Stored data
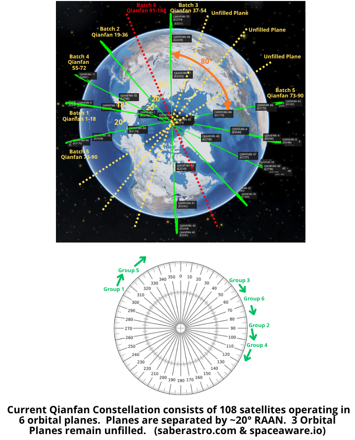 – SpaceSail launched 6th batch Qianfan satellites into the orbital plane between batches 2 & 3 (see graphic). It appears the initial configuration of the Qianfan constellation will be 9 orbital planes separated by 20° of RAAN offset between each plane. With this launch, 6 of the 9 planes are in use. SpaceSail may want to augment batch 2 due to the majority of those satellites failing to reach their operational altitudes.
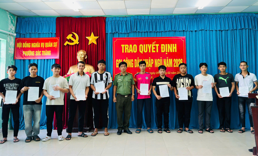 Thực hiện Kế hoạch của Công an thành phố Cần Thơ về bảo đảm an ninh, trật tự phục vụ công tác tuyển chọn, gọi công dân nhập ngũ và tham gia nghĩa vụ Công an nhân dân năm 2026, Công an phường Sóc Trăng đã chủ động tham mưu Đảng ủy, Ủy ban nhân dân phường ban hành kế hoạch triển khai cụ thể, phân công nhiệm vụ rõ người, rõ việc, bảo đảm tuyệt đối an toàn lễ giao nhận quân.
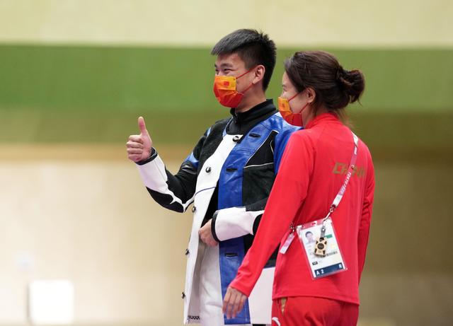 新华社照片,东京,2021年8月2日 (东京奥运会)(15)射击——男子50米步枪三姿决赛:中国选手张常鸿夺冠 8月2日,中国选手张常鸿(左)赛后庆祝胜利。 当日,在东京奥运会射击男子50米步枪三姿决赛中,中国选手张常鸿夺冠。 新华社记者 鞠焕宗 摄
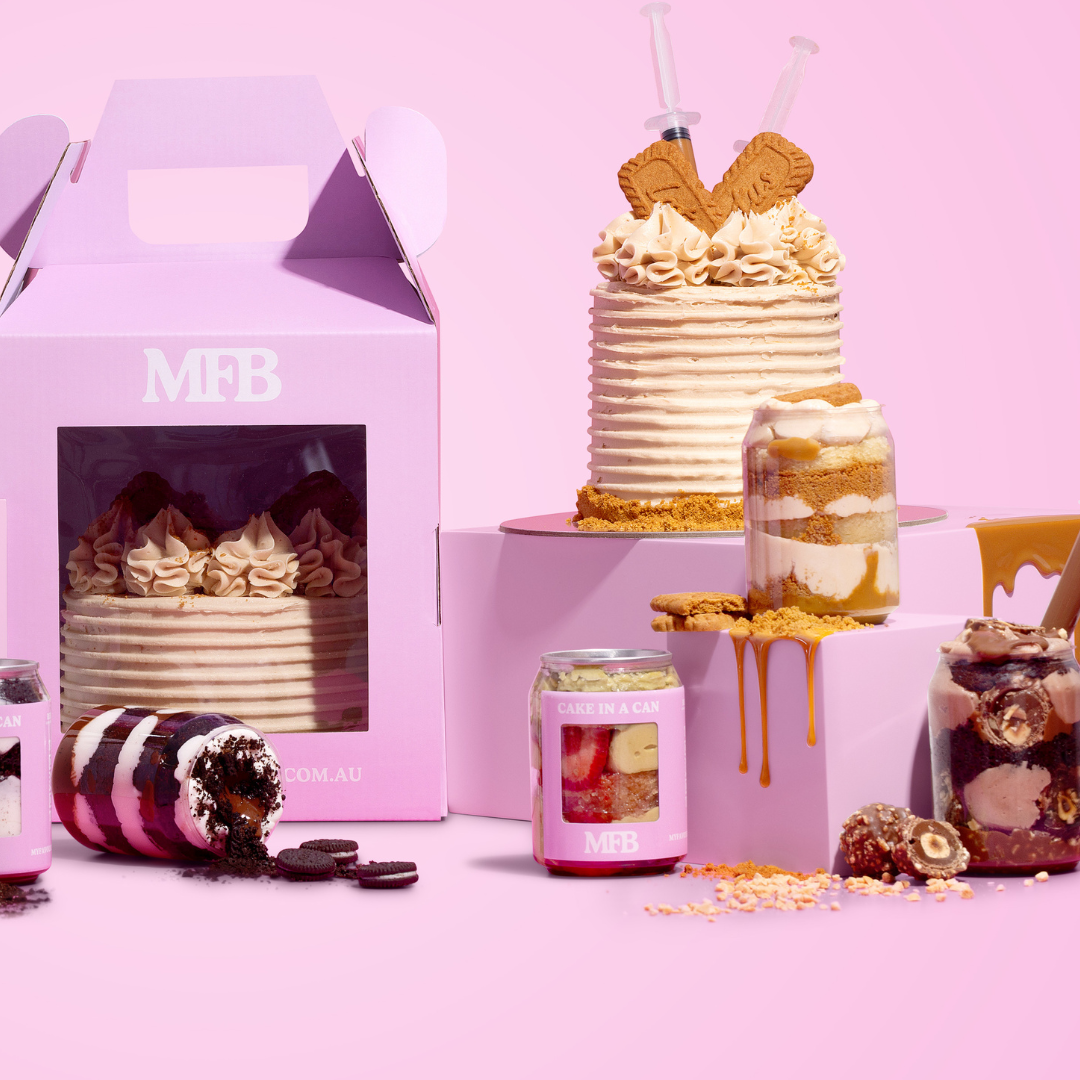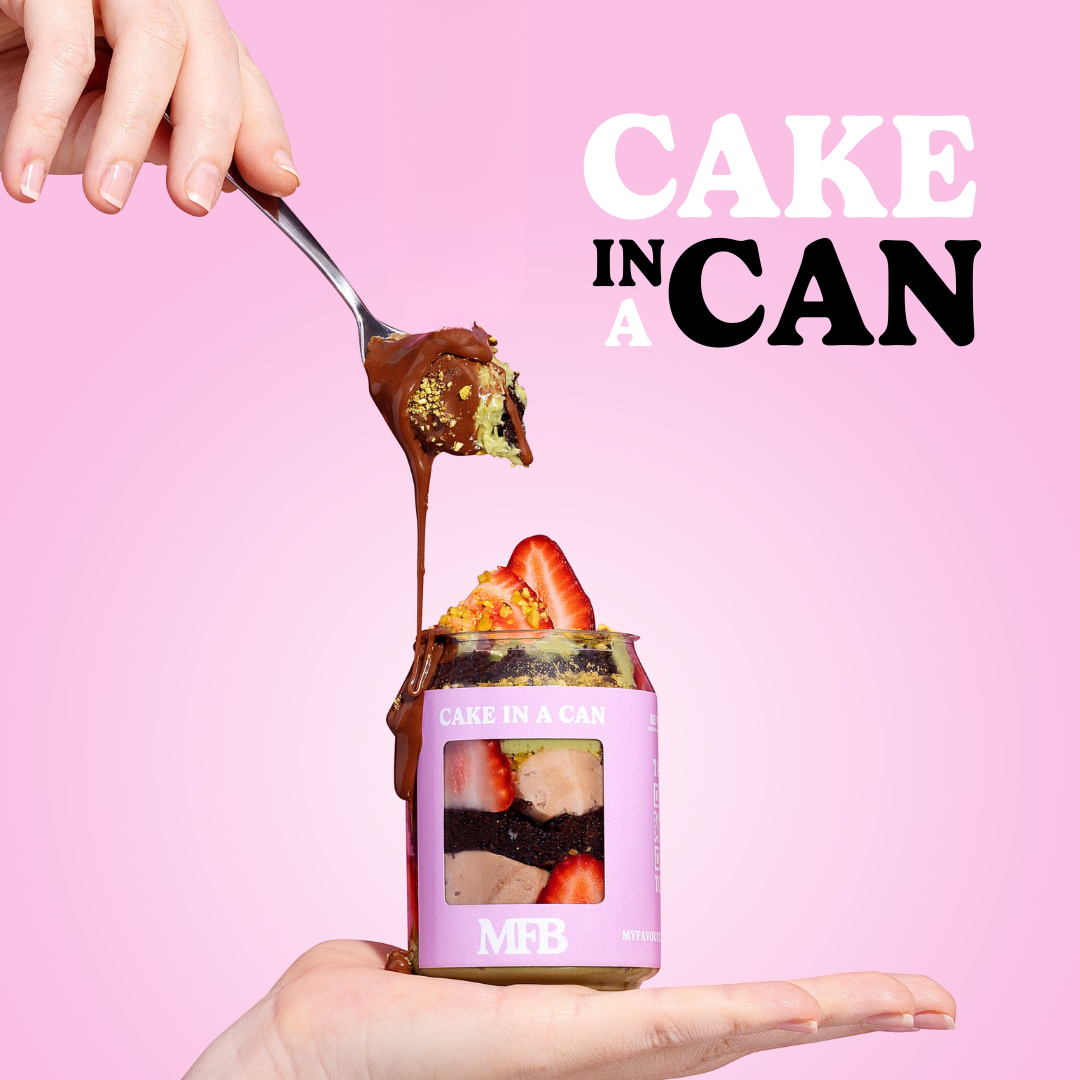 Introducing our Cake in a Can, now in 8 irresistible flavours: Ferrero Rocher, Caramel, Oreo, Lotus Biscoff, Lemon Meringue, Dubai Chocolate and Matcha!
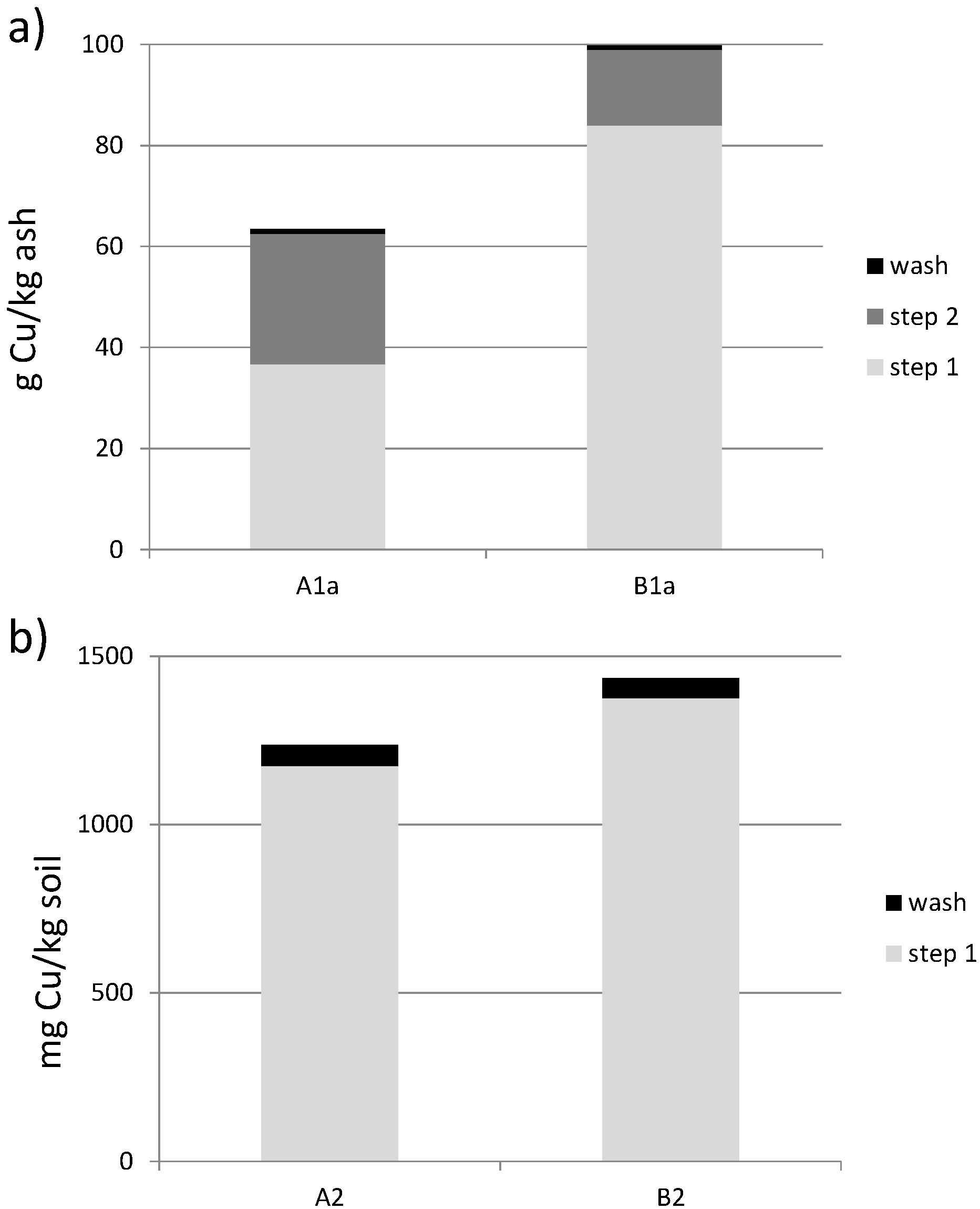 Batch leaching experiments were carried out on samples A1a, A2, B1a and B2, in two 30 min steps with an L/S = 10. The concentrations of selected elements in the respective leachates are presented in Table 2. It should be noted that the concentrations include the total Cu present in the leachates, i.e., Cu originally present in the process water, is included (Table S1). Al, Pb and Zn were the only other measured elements present in significant amounts.
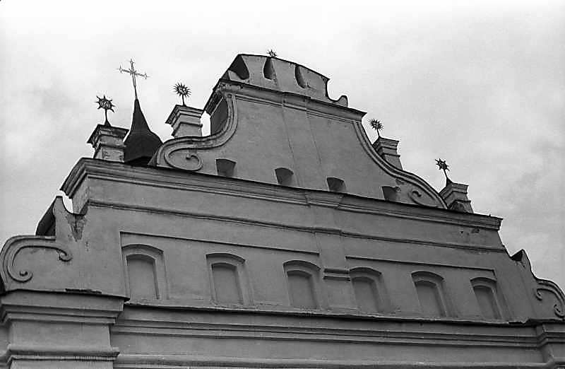 1983 р. Західний фронтон. Вигляд із заходуРозмір зображення: 800:522 піксел 1983 р. 30 липня. Фото М.І.Жарких. Негатека, № 259-04. |
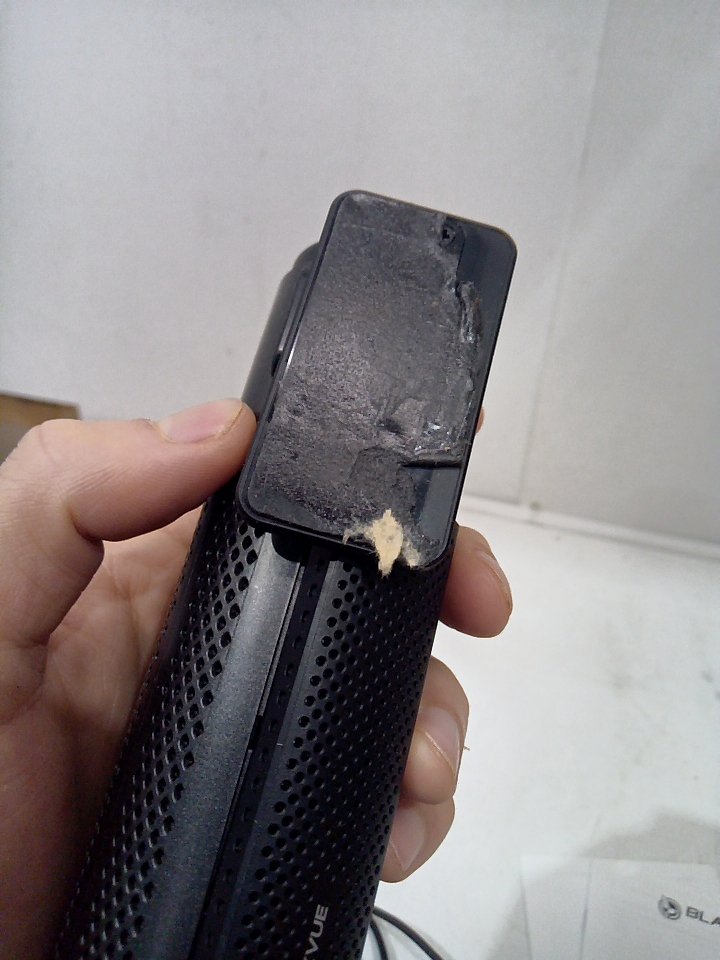 There is rips and residue on the adhesive pad on the back of the larger camera piece. (SEE PHOTOS)
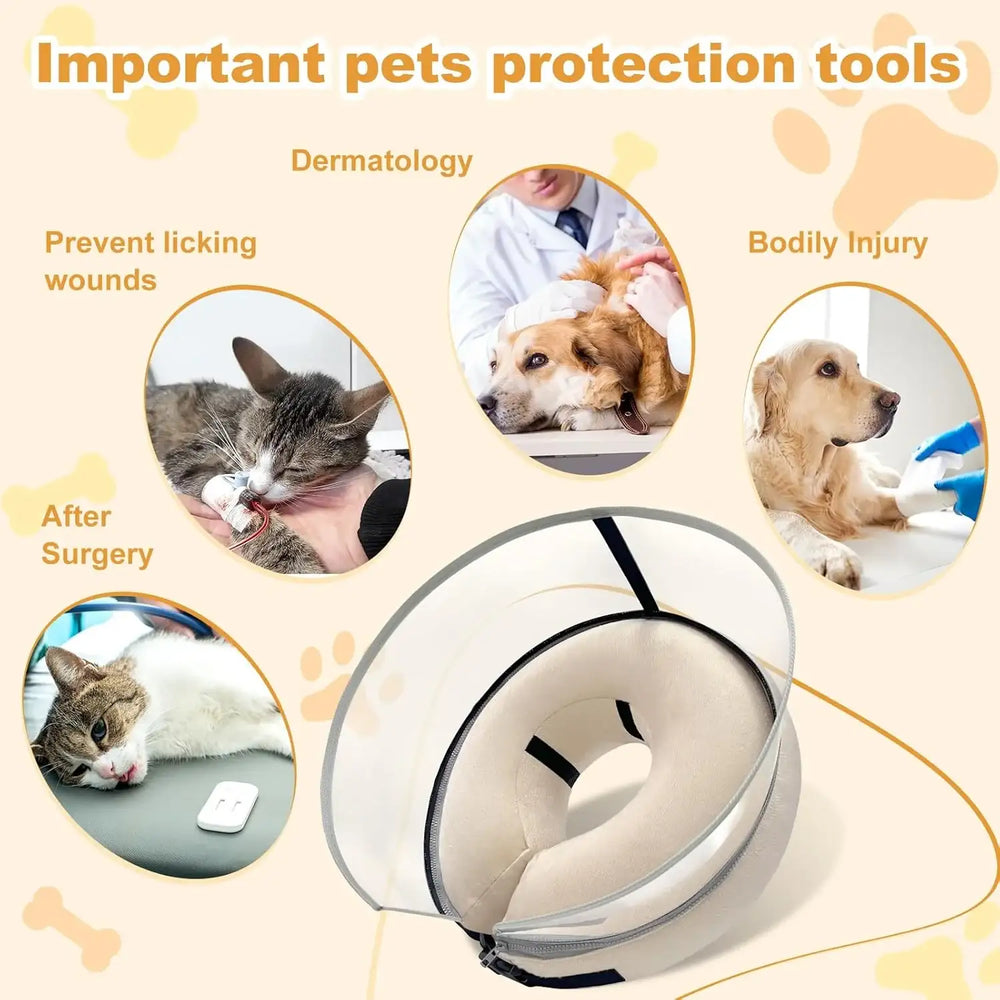 Diseño 2 en 1, doble protección: Combinando un collar inflable y una barrera suave transparente, este cono para perros proporciona una protección integral sin afectar las actividades diarias de su mascota.
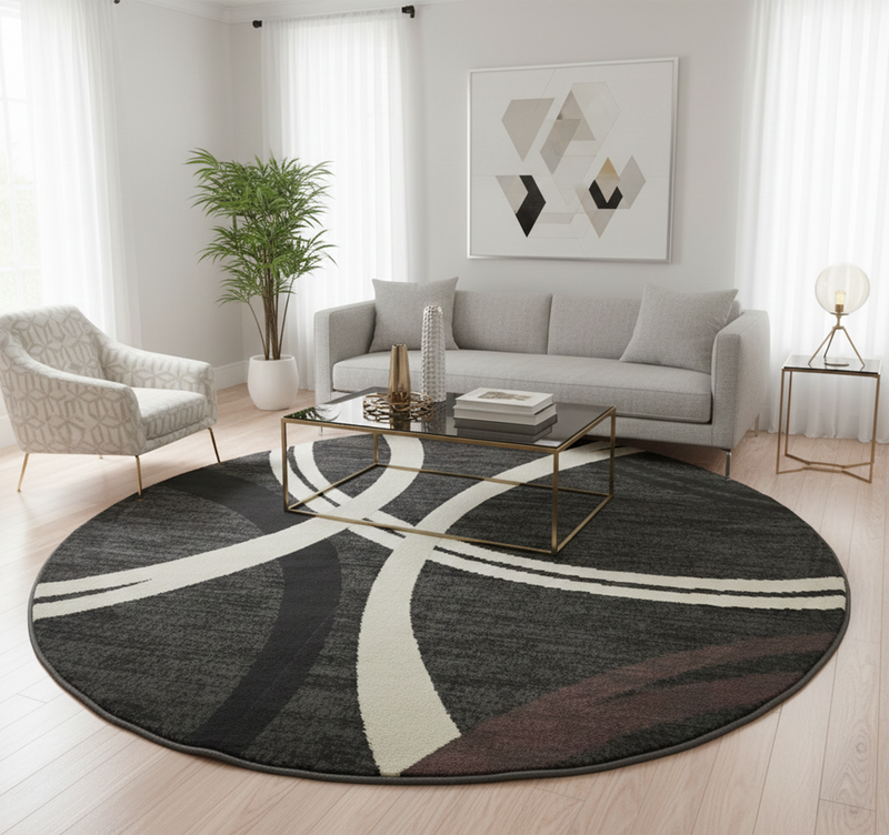 For a classic living layout, place the rug in the centre of the room and place the front legs of your sofa and armchairs on the rug. This will help create a better aesthetic and cleaner appearance.
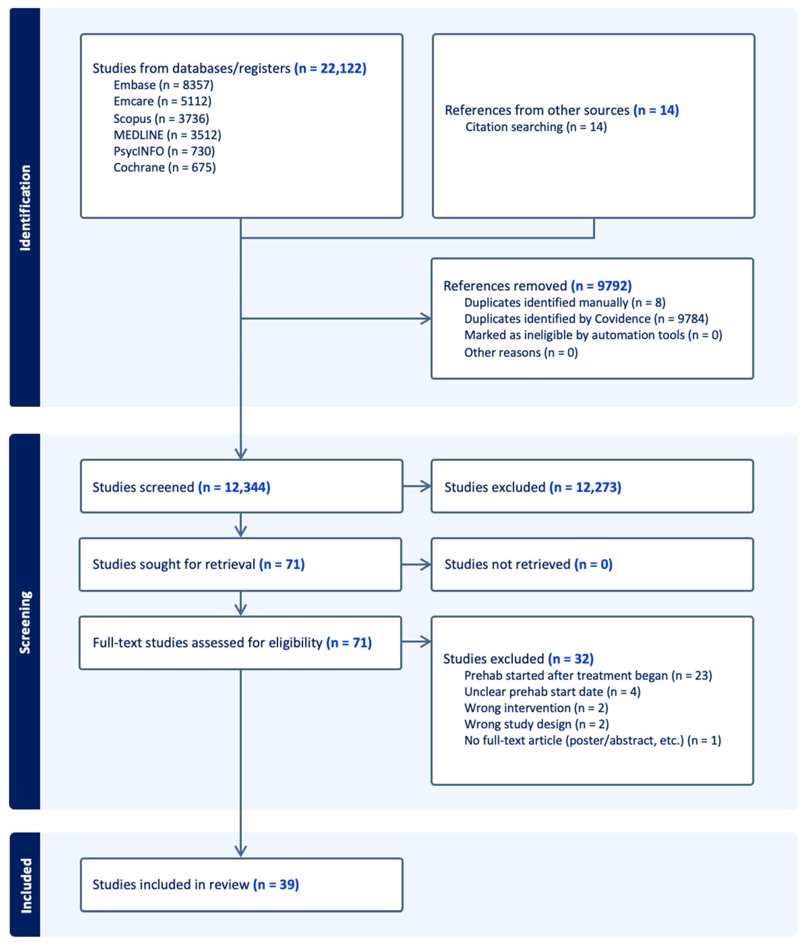 | Prehabilitation Intervention Used | Type of prehabilitation program (multimodal or unimodal), specific interventions used (e.g., exercise, nutrition therapy, and psychosocial support), duration of program, and program setting/context |

_ABOUT THIS TASK_.
Would you restate, exactly and with no pictures, the lines of the entries above from the one containing "Thực hiện Kế" through the one containing "Batch leaching experiments"?

_EXPECTED ANSWER_.
 Thực hiện Kế hoạch của Công an thành phố Cần Thơ về bảo đảm an ninh, trật tự phục vụ công tác tuyển chọn, gọi công dân nhập ngũ và tham gia nghĩa vụ Công an nhân dân năm 2026, Công an phường Sóc Trăng đã chủ động tham mưu Đảng ủy, Ủy ban nhân dân phường ban hành kế hoạch triển khai cụ thể, phân công nhiệm vụ rõ người, rõ việc, bảo đảm tuyệt đối an toàn lễ giao nhận quân.
 新华社照片,东京,2021年8月2日 (东京奥运会)(15)射击——男子50米步枪三姿决赛:中国选手张常鸿夺冠 8月2日,中国选手张常鸿(左)赛后庆祝胜利。 当日,在东京奥运会射击男子50米步枪三姿决赛中,中国选手张常鸿夺冠。 新华社记者 鞠焕宗 摄
 Introducing our Cake in a Can, now in 8 irresistible flavours: Ferrero Rocher, Caramel, Oreo, Lotus Biscoff, Lemon Meringue, Dubai Chocolate and Matcha!
 Batch leaching experiments were carried out on samples A1a, A2, B1a and B2, in two 30 min steps with an L/S = 10. The concentrations of selected elements in the respective leachates are presented in Table 2. It should be noted that the concentrations include the total Cu present in the leachates, i.e., Cu originally present in the process water, is included (Table S1). Al, Pb and Zn were the only other measured elements present in significant amounts.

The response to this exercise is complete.